With the patrol dead, the warriors came out of hiding, murmuring to each other in stunned tones. Ember stood near Ghost and whispered, “And now, what?”

Ghost answered at full volume, speaking to all the warriors. “The gods’ gift is true. The People have been granted the power to reclaim our earth. The proof lies dead in the road, but they are only the first! All of the People’s warriors will carry the gods’ weapons to slay the Others and drive them before us out of the earth, and the earth shall be the People’s once more. We will regain our glory, our dignity, and our rightful place as the chosen of the gods!”

As the warriors’ cheers washed over her, Ghost smiled at Ember and saw that the other doe’s eyes showed as much excitement as she felt.

* * *

The triumphant warriors returned to the gods’ camp and told their tale to the elders by firelight, over a feast, as was appropriate for tales of victory and tales of the gods—and this was both. The elders exchanged weighted glances and nodded to one another as though dark suspicions had been confirmed.

When the tales and feasting ended and the People of the camp started for their tents, Ghost and Ember fell in together, for their tents were close to one another. “Well done,” Ember said.

Ghost glanced at her and then away, finding the darkened trees around them of sudden and intense interest. “I know.”

Ember grinned at her friend’s reticence. “I should not have waited to compliment you. If I had not, perhaps you would not be so stuffed with the compliments of others that you cannot accept mine.”

Ghost’s wayward gaze snapped back to Ember’s face, eyes wide with something resembling panic. “No! I— that is—” Ghost scowled at herself and forced her mouth under control. “Thank you. I had felt the lack, because your compliment is the only one which matters, coming as it does from a place of knowledge.”

Ember giggled. “You are a warrior of action, not words, my friend. But from time to time, you make a good attack.”

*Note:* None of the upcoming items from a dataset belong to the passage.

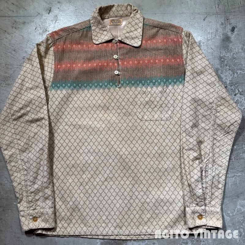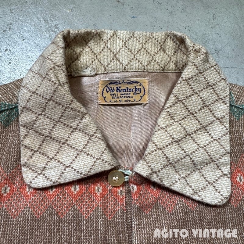 50's Old Kentucky オールドケンタッキー プリントネルプルオーバーシャツ グッドコンディション Sサイズ 希少 ヴィンテージ BA-2885 RM3306H
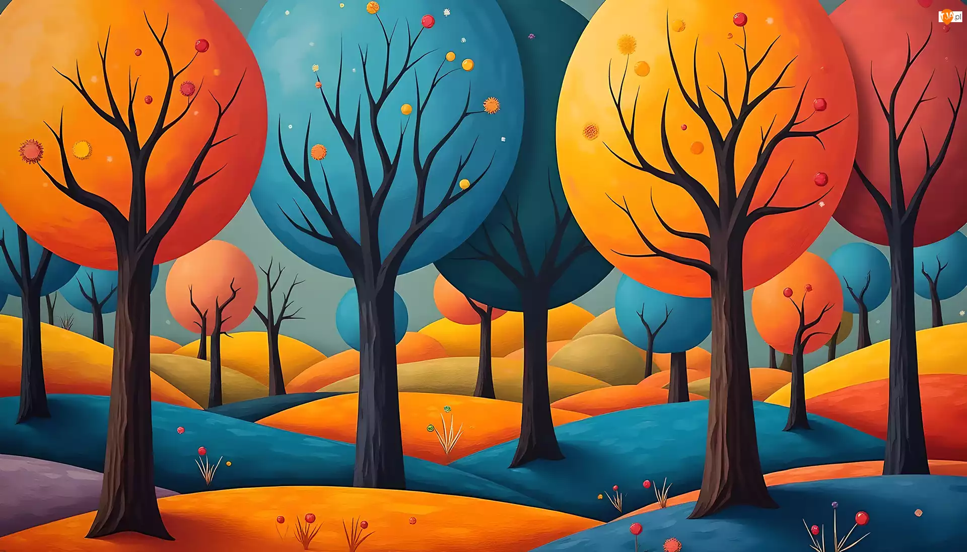 Drzewa, Grafika, Butelki, Domy, Dynie
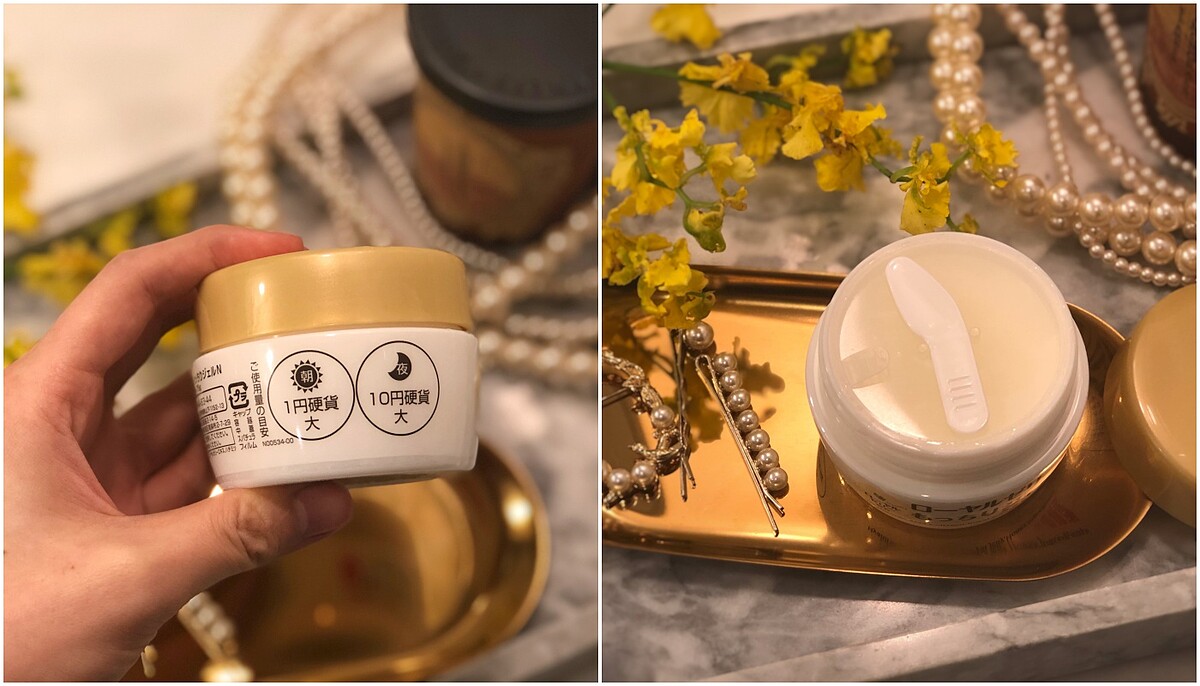 包裝:先來看看外包裝,很簡單易懂的產品名稱及成分,背後也有標記早晚的使用量(日間 1 元硬幣大小,夜間 10 元硬幣大小的用量),打開封膜包裝及盒蓋,內附一支小挖杓。

Before Ghost could gather her thoughts to reply to that, the eldest elder intercepted the two does, stepping from between two tents into their path. Ghost and Ember bowed respectfully, but the elder tossed his head impatiently, waving away the courtesies. “Ghost of the People. The elders of the gods’ camp have conferred, and we have decided. The weapons you offer the People are truly of the gods. Therefore, the gods have chosen you to act through. For what purpose…” He trailed off, his eyes going distant for a moment. Then he shook himself and continued in a firm voice. “For what purpose, we do not know. But the People obey the gods’ wills. Therefore, we will use our authority as elders of the gods’ camp to call every available warrior of the People to this place—” He swallowed. “—that you may lead them to war against the Others.”